What is required = Copy the lines of the data below exactly, starting at the first and stopping after the line that contains "Cokelat termasuk warna"; include no pictures.

Extracted data entries:

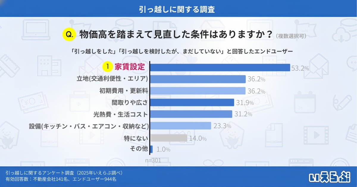 物価高で引っ越し判断に変化、約6割が「時期や条件を変更」と回答!初期費用・家賃見直しと支援ニーズが明らかに|いえらぶ調べ
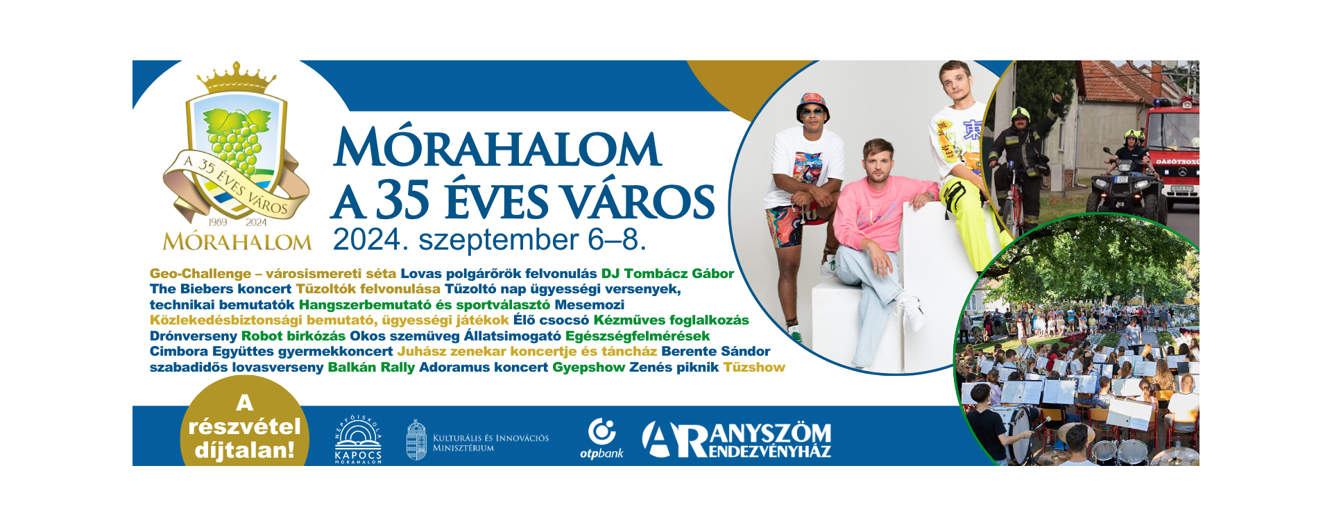 Nagy örömmel jelentjük, hogy hamarosan elstartol a "Mórahalom, a 35 éves város" elnevezésű ünnepi rendezvénysorozat!
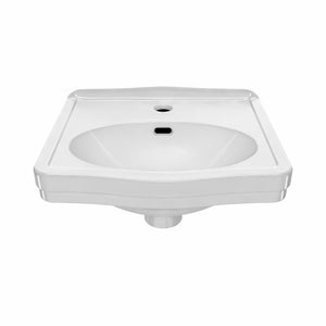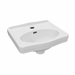 Add a classic touch to your bathroom with this Rectangular Wall Mount Basin, featuring an integrated oval bowl, a distinctive curved front lip, and a built-in low-rise backsplash for added protection.
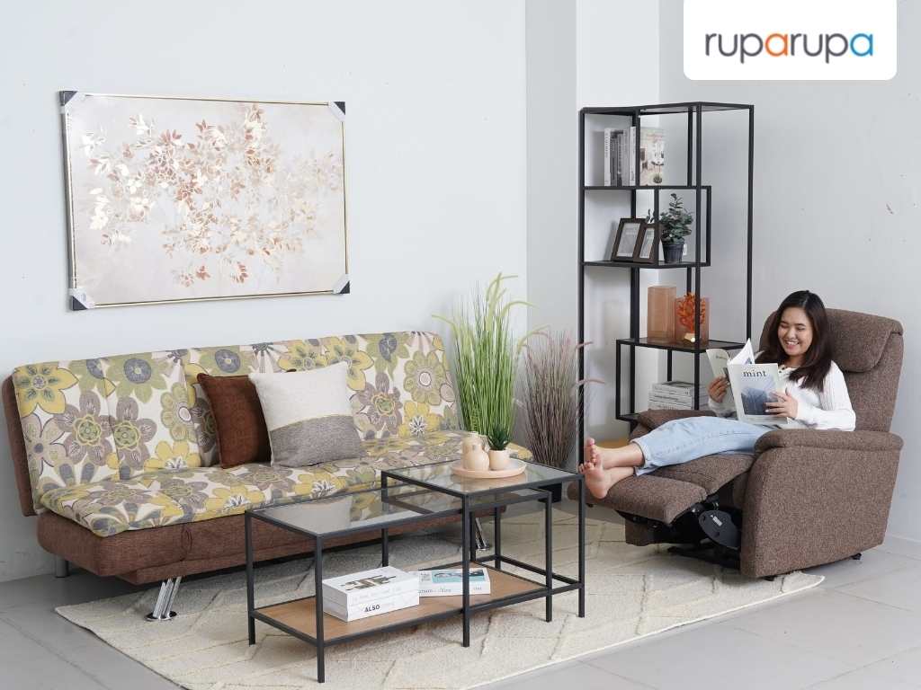 Cokelat termasuk warna natural yang bisa dipadukan dengan warna terang maupun gelap, seperti rekomendasi sofa cokelat di bawah ini. Sofa bed yang dilengkapi dengan aksen motif bunga pada bagian dudukannya bisa menciptakan kesan ceria di dalam ruangan.
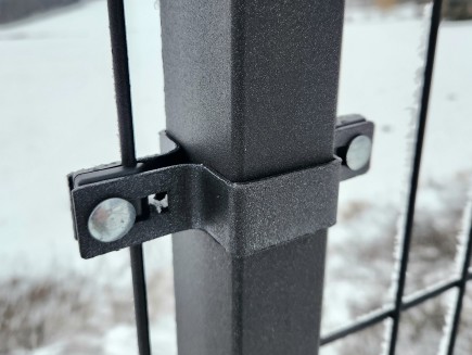 Die durchgehende Hülse 60 x 40 mm im Farbton Atrazit dient zur geraden Befestigung von Paneelen an Pfosten mit einem Profil von 60 x 40 mm . Es löst die Befestigung eines Zauns aus 3D-Paneelen oder 2D-Paneelen an Pfosten 200cm/60x40mm oder 250cm/60x40mm oder 300cm/60x40mm, d.h. Befestigung der Paneele von beiden Seiten des Pfostens. Es besteht aus feuerverzinktem Stahl. Die Fassung enthält alle notwendigen Komponenten - verzinkte Torschrauben mit Linsenkopf, Muttern, Distanzscheiben aus Kunststoff.
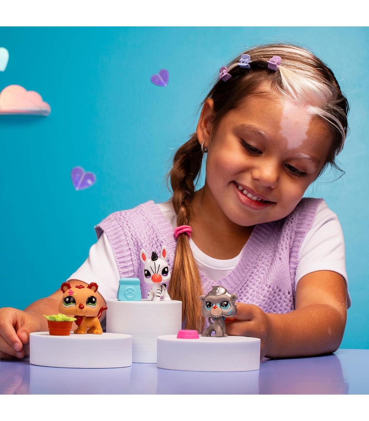 El Pack de 3 Mascotas Littlest Pet Shop de mascotas del zoológico es un conjunto que presenta tres encantadoras figuras de Littlest Pet Shop, cada una con un diseño único y exclusivo, acompañadas de un accesorio para una experiencia de juego aún más emocionante; no te pierdas la oportunidad de coleccionarlos todos
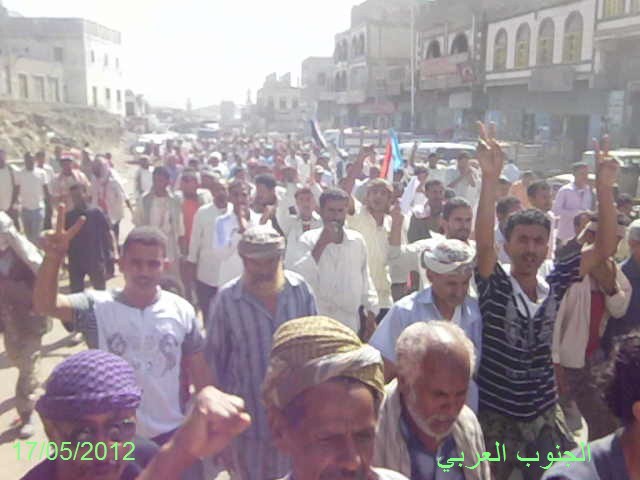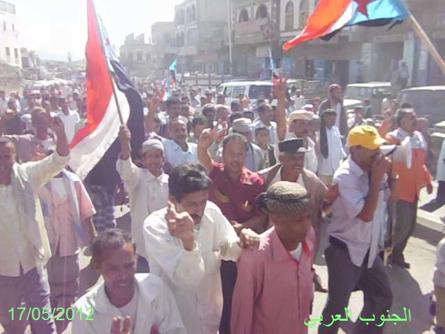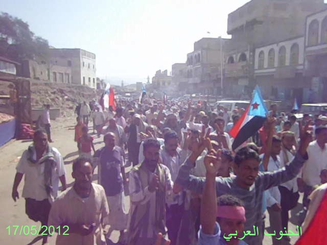 اقام مجلس الحراك السلمي والحركة الشبابية والطلابية واتحاد نساء الجنوب ومكونات المجتمع المدني من نقابات وجمعيات جنوبية في مديريتي الحوطة وتبن مسيرة جماهيرية حاشدة صباح اليوم الخميس 17/ 5/ 2012 م في مدينة الحوطة.
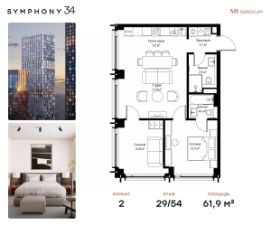 Дом сдан. Ключи в день покупки! В продаже 2-комнатная квартира площадью 63.20 м² с предчистовой отделкой на 27 этаже 54 этажного дома в корпусе Графит. ЖК Симфония 34 - концептуально новый жилой комплекс премиум-класса с подземной парковкой, состоит из четырех башен высотой 36 - 54 этажа. Квартиры сдаются с базовой (предчистовой) отделкой MR BASE или дизайнерской чистовой отделкой MR READY. Высота потолков 3 - 6 метров, окна высотой до 2,6 м. Более 100 кладовых в подземной части ЖК и более 500 на этажах. Безопасность - Система контроля входа на территорию комплекса, биометрия - Система автоматического водяного пожаротушения и противопожарного водопровода, система пожарной вентиляции - Доступ на парковку при помощи системы распознавания автомобильных номеров, карточка для контроля доступа резидентов - Система видеонаблюдения - Круглосуточная связь через приложение, телефон, голосовые сообщения с охраной, консьержем, call-центр. Расположение Пешком - 6 минут до метро "Дмитровская" - 15 минут до Тимирязевского парка На машине - 5 минут до Савеловского вокзала и Аэроэкспресса в Шереметьево - 10 минут до Москва-Сити и Садового кольца Благоустройство - 70% территории отведены под зеленые насаждения и ландшафтный дизайн - Приватный Японский сад - Детские площадки с зонированием по возрасту - Clubhouse для резидентов - Wellness & SPA - Зона для пикника, зона с гамаками - Центральное лобби, ресторан, коммерческие помещения - Дополнительный вход/выход на территорию комплекса Окружение - В 10 минутах от Symphony 34 находится дизайн-завод Flacon, где регулярно проходят культурно-образовательные и развлекательные мероприятия - Тимирязевский парк расположен в 850 м. Площадь парка 232 га - Рядом расположен парк "Дубки", площадью 16,5 га. - В 15 минутах расположен Хлебозавод 9. Здесь находятся шоурумы брендов, кафе разных кухонь мира, образовательные проекты и площадки для мероприятиКомпания MR предлагает своим клиентам специальные условия приобретения квартир в рамках программ ипотечного кредитования от банков-партнеров. Купить 2-комнатную квартиру в готовой новостройке в округе САО в Москве.
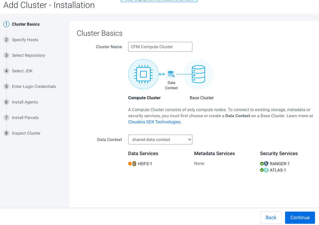 Provides the steps to create a Cloudera Base on premises Compute cluster.
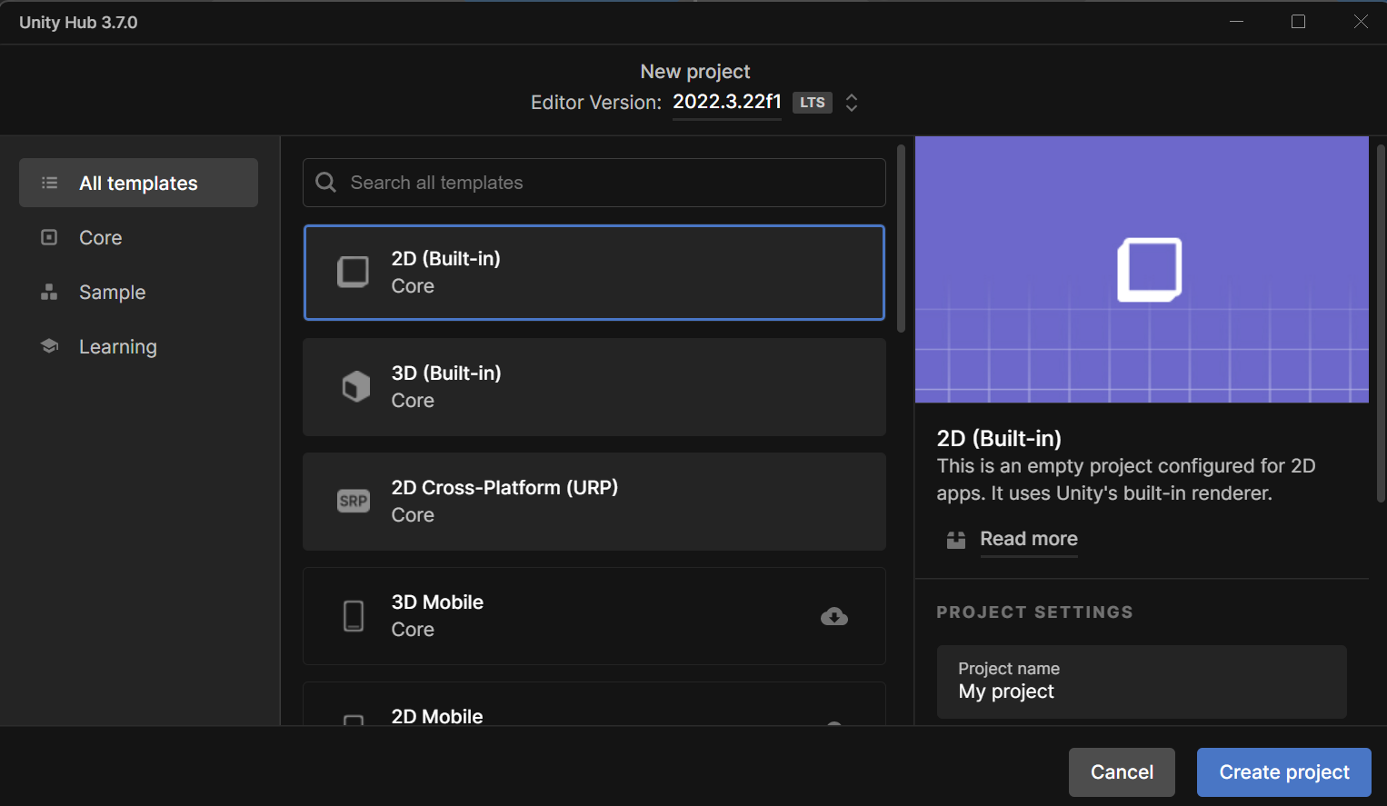 오브젝트를 이동시키기 위해 player 이미지를 가져온 후, 2D 오브젝트> Sprite 에서 원하는 오브젝트를 생성한다.
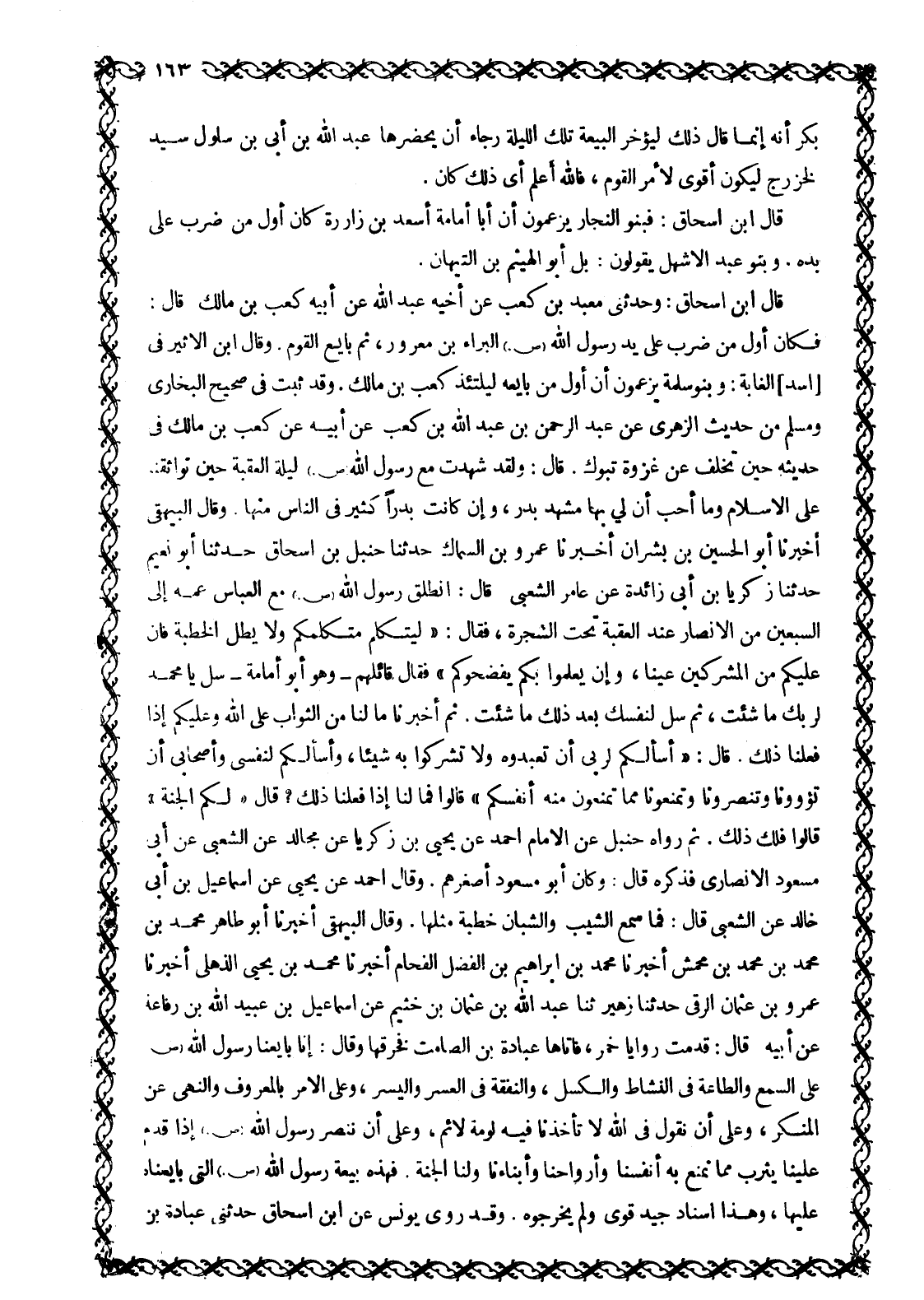 فَكَانَ أَوَّلَ مَنْ ضَرَبَ عَلَى يَدِ رَسُولِ اللَّهِ صَلَّى اللَّهُ عَلَيْهِ وَسَلَّمَ الْبَرَاءُ بْنُ مَعْرُورٍ، ثُمَّ بَايَعَ الْقَوْمُ. وَقَالَ ابْنُ الْأَثِيرِ فِي [أُسْدِ] الْغَابَةِ: وَبَنُو سَلِمَةَ يَزْعُمُونَ أَنَّ أَوَّلَ مَنْ بَايَعَهُ لَيْلَتَئِذٍ كَعْبُ بْنُ مَالِكٍ. وَقَدْ ثَبَتَ فِي صَحِيحِ الْبُخَارِيِّ وَمُسْلِمٍ مِنْ حَدِيثِ الزُّهْرِيِّ عَنْ عَبْدِ الرَّحْمَنِ بْنِ عَبْدِ اللَّهِ بْنِ كَعْبٍ عَنْ أَبِيهِ عَنْ كَعْبِ بْنِ مَالِكٍ فِي حَدِيثِهِ حِينَ تَخَلَّفَ عَنْ غَزْوَةِ تَبُوكَ. قَالَ: وَلَقَدْ شَهِدْتُ مَعَ رَسُولِ اللَّهِ صَلَّى اللَّهُ عَلَيْهِ وَسَلَّمَ لَيْلَةَ الْعَقَبَةِ حِينَ تَوَاثَقْنَا عَلَى الْإِسْلَامِ وَمَا أُحِبُّ أَنَّ لِي بها مشهد بدر، وإن كانت بدرا كثير فِي النَّاسِ مِنْهَا. وَقَالَ الْبَيْهَقِيُّ أَخْبَرَنَا أَبُو الْحُسَيْنِ بْنُ بِشْرَانَ أَخْبَرَنَا عَمْرُو بْنُ السَّمَّاكِ حَدَّثَنَا حَنْبَلُ بْنُ إِسْحَاقَ حَدَّثَنَا أَبُو نُعَيْمٍ حَدَّثَنَا زَكَرِيَّا بْنُ أَبِي زَائِدَةَ عَنْ عَامِرٍ الشَّعْبِيِّ قَالَ: انْطَلَقَ رَسُولُ اللَّهِ صَلَّى اللَّهُ عَلَيْهِ وَسَلَّمَ مَعَ الْعَبَّاسِ عَمِّهِ إِلَى السَّبْعِينَ مِنَ الْأَنْصَارِ عِنْدَ الْعَقَبَةِ تَحْتَ الشَّجَرَةِ، فَقَالَ: «لِيَتَكَلَّمْ مُتَكَلِّمُكُمْ وَلَا يُطِلِ الْخُطْبَةَ فَإِنَّ عَلَيْكُمْ مِنَ الْمُشْرِكِينَ عَيْنًا، وَإِنْ يَعْلَمُوا بِكُمْ يَفْضَحُوكُمْ» فَقَالَ قَائِلُهُمْ- وَهُوَ أَبُو أُمَامَةَ- سَلْ يَا مُحَمَّدُ لِرَبِّكَ مَا شِئْتَ، ثُمَّ سَلْ لِنَفْسِكَ بَعْدَ ذَلِكَ مَا شِئْتَ. ثُمَّ أَخْبِرْنَا مَا لَنَا مِنَ الثَّوَابِ عَلَى اللَّهِ وَعَلَيْكُمْ إِذَا فَعَلْنَا ذَلِكَ. قَالَ: «أَسْأَلُكُمْ لِرَبِّي أَنْ تَعْبُدُوهُ وَلَا تُشْرِكُوا بِهِ شَيْئًا، وَأَسْأَلُكُمْ لِنَفْسِي وَأَصْحَابِي أَنْ تُؤْوُونَا وَتَنْصُرُونَا وَتَمْنَعُونَا مِمَّا تَمْنَعُونَ مِنْهُ أَنْفُسَكُمْ» قَالُوا فَمَا لَنَا إِذَا فَعَلْنَا ذَلِكَ؟ قَالَ «لَكُمُ الْجَنَّةُ» قَالُوا فَلَكَ ذَلِكَ. ثُمَّ رَوَاهُ حَنْبَلٌ عَنِ الْإِمَامِ أَحْمَدَ عَنْ يَحْيَى بْنِ زَكَرِيَّا عَنْ مُجَالِدٍ عَنِ الشَّعْبِيِّ عَنْ أَبِي مَسْعُودٍ الْأَنْصَارِيِّ فَذَكَرُهُ قَالَ: وَكَانَ أَبُو مَسْعُودٍ أَصْغَرَهُمْ. وَقَالَ أَحْمَدُ عَنْ يَحْيَى عَنْ إِسْمَاعِيلَ بْنِ أَبِي خَالِدٍ عَنِ الشَّعْبِيِّ قَالَ: فَمَا سَمِعَ الشِّيبُ وَالشُّبَّانُ خُطْبَةً مِثْلَهَا. وَقَالَ الْبَيْهَقِيُّ أَخْبَرَنَا أَبُو طَاهِرٍ مُحَمَّدُ بْنُ مُحَمَّدِ بْنِ مُحَمَّدِ بْنِ مَحْمِشٍ أَخْبَرَنَا مُحَمَّدُ بْنُ إِبْرَاهِيمَ بْنِ الْفَضْلِ الْفَحَّامُ أَخْبَرَنَا مُحَمَّدُ بْنُ يَحْيَى الذُّهْلِيُّ أَخْبَرَنَا عَمْرُو بْنُ عُثْمَانَ الرَّقِّيُّ حَدَّثَنَا زُهَيْرٌ ثَنَا عَبْدُ اللَّهِ بْنُ عُثْمَانَ بْنِ خُثَيْمٍ عَنْ إِسْمَاعِيلَ بْنِ عُبَيْدِ اللَّهِ بْنِ رَفَاعَةَ عَنْ أَبِيهِ قَالَ: قَدِمَتْ رَوَايَا خَمْرٍ، فَأَتَاهَا عُبَادَةُ بْنُ الصَّامِتِ فَخَرَقَهَا وَقَالَ: إِنَّا بَايَعَنَا رَسُولَ اللَّهِ صَلَّى اللَّهُ عَلَيْهِ وَسَلَّمَ عَلَى السَّمْعِ وَالطَّاعَةِ فِي النَّشَاطِ وَالْكَسَلِ، والنفقة في العسر واليسير، وَعَلَى الْأَمْرِ بِالْمَعْرُوفِ وَالنَّهْيِ عَنِ الْمُنْكَرِ، وَعَلَى أَنْ نَقُولَ فِي اللَّهِ لَا تَأْخُذُنَا فِيهِ لَوْمَةُ لَائِمٍ، وَعَلَى أَنْ نَنْصُرَ رَسُولُ اللَّهِ صَلَّى اللَّهُ عَلَيْهِ وَسَلَّمَ إِذَا قَدِمَ عَلَيْنَا يثرب مما نمنع به أنفسنا وأرواحنا وَأَبْنَاءَنَا وَلَنَا الْجَنَّةُ. فَهَذِهِ بَيْعَةُ رَسُولِ اللَّهِ صَلَّى اللَّهُ عَلَيْهِ وَسَلَّمَ التِي بَايَعْنَاهُ عَلَيْهَا، وَهَ

Answer to this exercise =
 物価高で引っ越し判断に変化、約6割が「時期や条件を変更」と回答!初期費用・家賃見直しと支援ニーズが明らかに|いえらぶ調べ
 Nagy örömmel jelentjük, hogy hamarosan elstartol a "Mórahalom, a 35 éves város" elnevezésű ünnepi rendezvénysorozat!
 Add a classic touch to your bathroom with this Rectangular Wall Mount Basin, featuring an integrated oval bowl, a distinctive curved front lip, and a built-in low-rise backsplash for added protection.
 Cokelat termasuk warna natural yang bisa dipadukan dengan warna terang maupun gelap, seperti rekomendasi sofa cokelat di bawah ini. Sofa bed yang dilengkapi dengan aksen motif bunga pada bagian dudukannya bisa menciptakan kesan ceria di dalam ruangan.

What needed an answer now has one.